Task instructions. Where does the word "more" occur in the entries below? Copy every line that has it.

Data records.
Start of Block
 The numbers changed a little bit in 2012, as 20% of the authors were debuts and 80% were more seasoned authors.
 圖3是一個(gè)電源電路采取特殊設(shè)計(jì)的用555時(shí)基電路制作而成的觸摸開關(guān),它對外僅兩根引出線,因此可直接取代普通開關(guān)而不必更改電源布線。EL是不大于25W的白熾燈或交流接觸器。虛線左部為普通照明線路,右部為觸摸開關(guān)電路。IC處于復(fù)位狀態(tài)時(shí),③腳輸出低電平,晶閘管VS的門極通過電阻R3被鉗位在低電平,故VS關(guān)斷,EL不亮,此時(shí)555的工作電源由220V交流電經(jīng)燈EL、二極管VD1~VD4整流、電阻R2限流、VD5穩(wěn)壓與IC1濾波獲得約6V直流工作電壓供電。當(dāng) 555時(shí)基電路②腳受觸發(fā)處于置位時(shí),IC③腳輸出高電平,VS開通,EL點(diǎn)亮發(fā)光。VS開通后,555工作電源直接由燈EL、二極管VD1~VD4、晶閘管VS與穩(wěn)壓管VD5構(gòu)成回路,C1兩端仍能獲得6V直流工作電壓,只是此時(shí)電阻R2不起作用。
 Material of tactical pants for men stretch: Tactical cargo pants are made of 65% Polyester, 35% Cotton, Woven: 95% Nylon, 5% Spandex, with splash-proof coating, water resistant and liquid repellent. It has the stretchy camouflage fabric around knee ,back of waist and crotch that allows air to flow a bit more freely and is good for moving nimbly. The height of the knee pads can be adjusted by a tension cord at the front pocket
End of Block
Start of Block
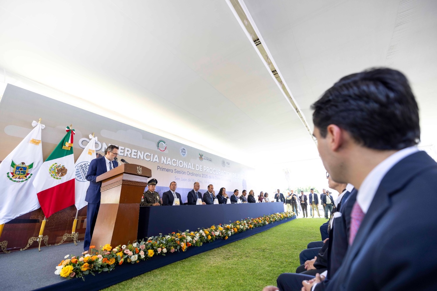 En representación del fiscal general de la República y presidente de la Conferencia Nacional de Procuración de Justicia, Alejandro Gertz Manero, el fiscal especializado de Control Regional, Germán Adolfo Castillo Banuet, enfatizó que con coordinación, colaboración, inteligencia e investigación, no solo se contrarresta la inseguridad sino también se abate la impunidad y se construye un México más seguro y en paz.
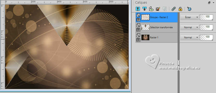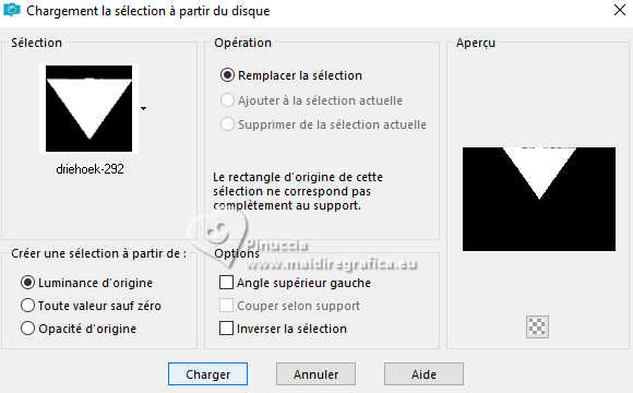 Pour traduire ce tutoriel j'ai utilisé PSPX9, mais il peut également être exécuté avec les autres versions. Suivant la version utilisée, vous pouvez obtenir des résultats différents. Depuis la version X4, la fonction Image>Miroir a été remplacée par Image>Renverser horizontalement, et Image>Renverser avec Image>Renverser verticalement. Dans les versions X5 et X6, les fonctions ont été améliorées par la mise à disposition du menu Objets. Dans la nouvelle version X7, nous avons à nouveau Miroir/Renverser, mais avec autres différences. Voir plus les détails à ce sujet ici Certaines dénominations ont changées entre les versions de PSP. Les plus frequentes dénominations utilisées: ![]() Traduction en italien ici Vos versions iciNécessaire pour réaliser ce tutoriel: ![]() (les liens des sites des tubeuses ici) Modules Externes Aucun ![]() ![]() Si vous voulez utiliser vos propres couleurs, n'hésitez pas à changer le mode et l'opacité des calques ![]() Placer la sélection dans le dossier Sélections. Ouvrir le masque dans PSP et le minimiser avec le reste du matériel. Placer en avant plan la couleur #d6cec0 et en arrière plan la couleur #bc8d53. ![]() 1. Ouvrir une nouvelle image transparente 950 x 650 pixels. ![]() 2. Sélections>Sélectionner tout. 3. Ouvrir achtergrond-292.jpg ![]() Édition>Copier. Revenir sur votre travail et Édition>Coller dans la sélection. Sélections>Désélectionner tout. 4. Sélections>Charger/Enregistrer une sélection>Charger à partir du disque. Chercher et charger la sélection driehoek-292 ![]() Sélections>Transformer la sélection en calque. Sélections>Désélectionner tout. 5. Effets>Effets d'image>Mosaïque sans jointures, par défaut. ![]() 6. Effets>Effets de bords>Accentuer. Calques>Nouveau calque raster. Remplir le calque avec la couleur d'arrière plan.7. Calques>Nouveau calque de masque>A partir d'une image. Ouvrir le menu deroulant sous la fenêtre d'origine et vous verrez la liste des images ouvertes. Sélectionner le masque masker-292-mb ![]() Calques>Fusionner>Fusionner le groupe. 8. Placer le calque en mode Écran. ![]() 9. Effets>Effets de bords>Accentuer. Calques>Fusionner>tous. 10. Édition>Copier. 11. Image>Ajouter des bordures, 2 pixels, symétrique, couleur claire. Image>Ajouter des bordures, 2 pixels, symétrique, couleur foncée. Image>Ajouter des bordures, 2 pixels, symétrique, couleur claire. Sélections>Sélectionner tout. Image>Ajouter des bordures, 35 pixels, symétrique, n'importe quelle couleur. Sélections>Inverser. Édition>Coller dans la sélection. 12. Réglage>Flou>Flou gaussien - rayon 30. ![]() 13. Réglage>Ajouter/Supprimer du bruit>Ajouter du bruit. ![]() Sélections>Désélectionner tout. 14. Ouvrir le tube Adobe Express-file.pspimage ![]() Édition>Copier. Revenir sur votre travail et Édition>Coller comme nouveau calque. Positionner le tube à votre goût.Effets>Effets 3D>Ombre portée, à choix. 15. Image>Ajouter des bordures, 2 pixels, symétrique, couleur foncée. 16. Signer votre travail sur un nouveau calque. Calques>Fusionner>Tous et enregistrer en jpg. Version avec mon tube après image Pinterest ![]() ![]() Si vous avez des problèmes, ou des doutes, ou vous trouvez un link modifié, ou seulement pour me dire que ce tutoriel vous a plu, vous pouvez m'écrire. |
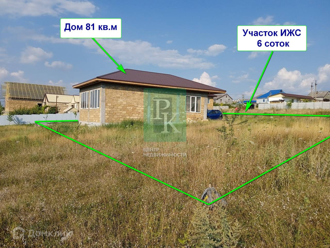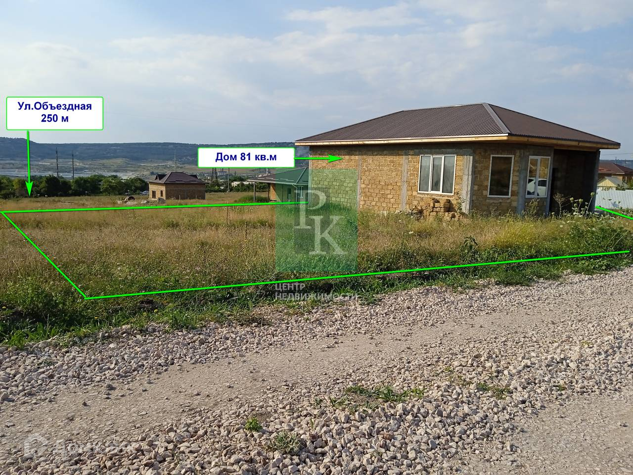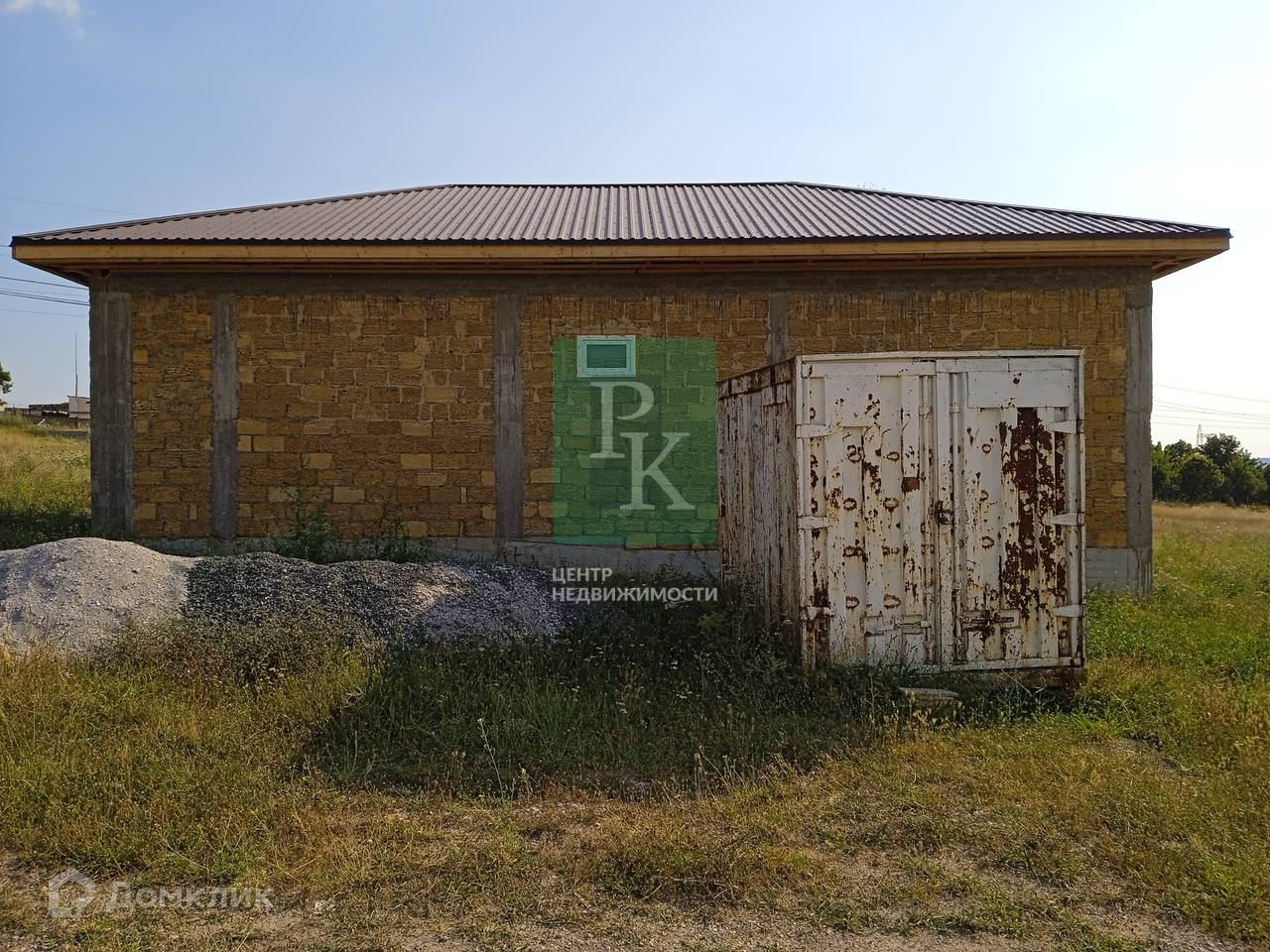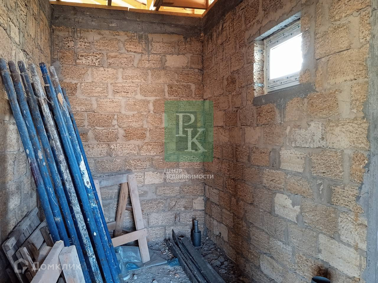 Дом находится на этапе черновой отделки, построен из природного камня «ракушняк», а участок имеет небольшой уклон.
End of Block
Start of Block
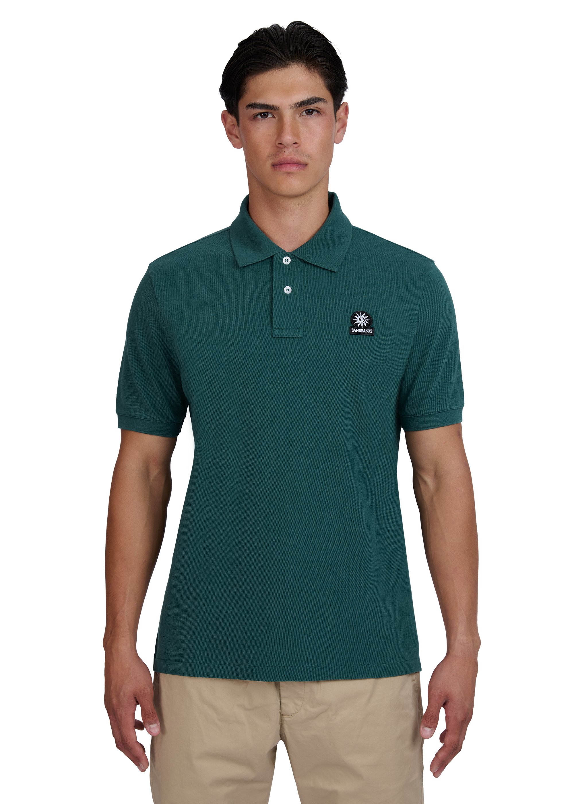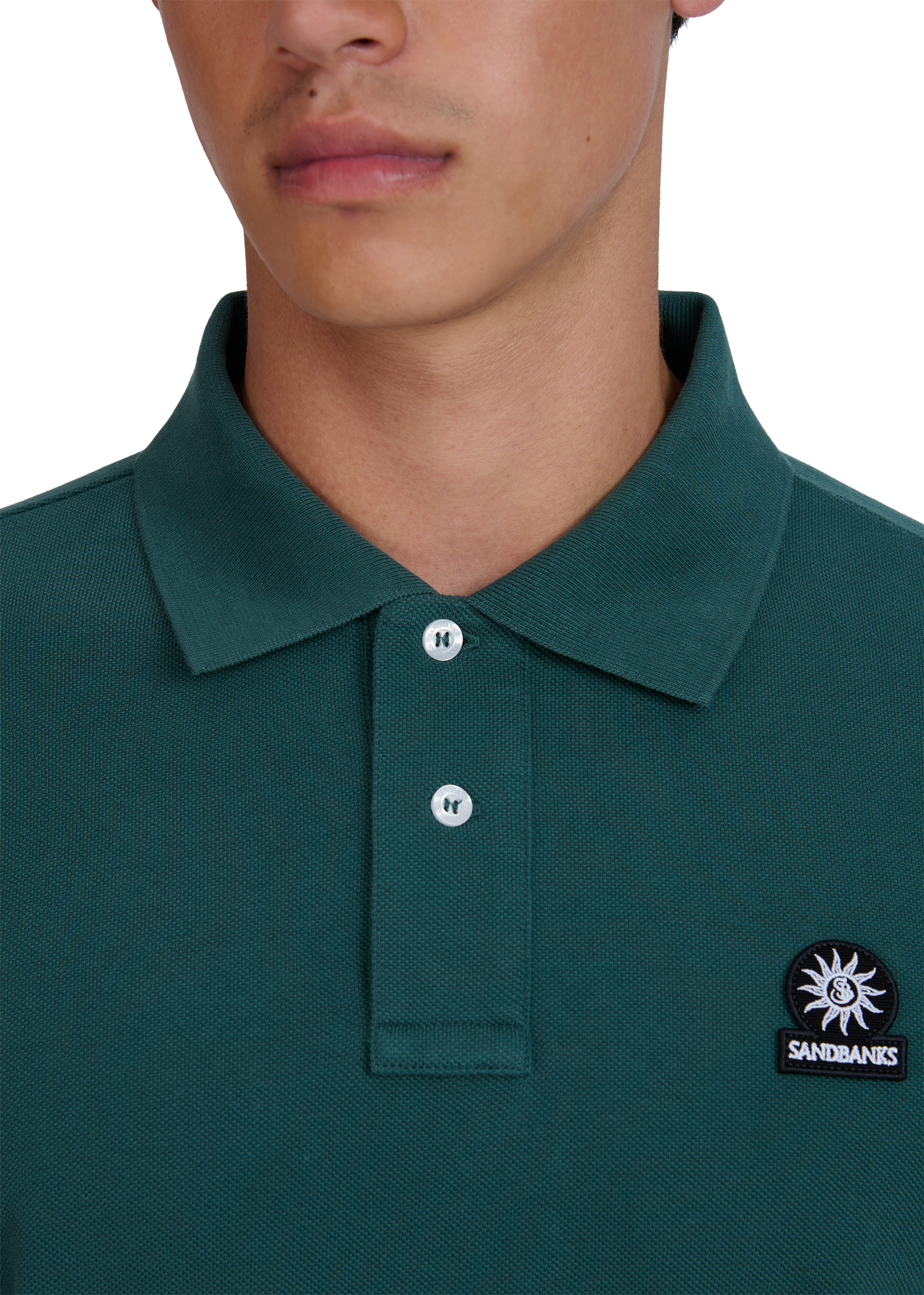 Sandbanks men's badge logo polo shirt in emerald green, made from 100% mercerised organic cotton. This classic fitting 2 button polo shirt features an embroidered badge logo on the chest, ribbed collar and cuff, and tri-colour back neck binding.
End of Block
Response box.
 The numbers changed a little bit in 2012, as 20% of the authors were debuts and 80% were more seasoned authors.
 Material of tactical pants for men stretch: Tactical cargo pants are made of 65% Polyester, 35% Cotton, Woven: 95% Nylon, 5% Spandex, with splash-proof coating, water resistant and liquid repellent. It has the stretchy camouflage fabric around knee ,back of waist and crotch that allows air to flow a bit more freely and is good for moving nimbly. The height of the knee pads can be adjusted by a tension cord at the front pocket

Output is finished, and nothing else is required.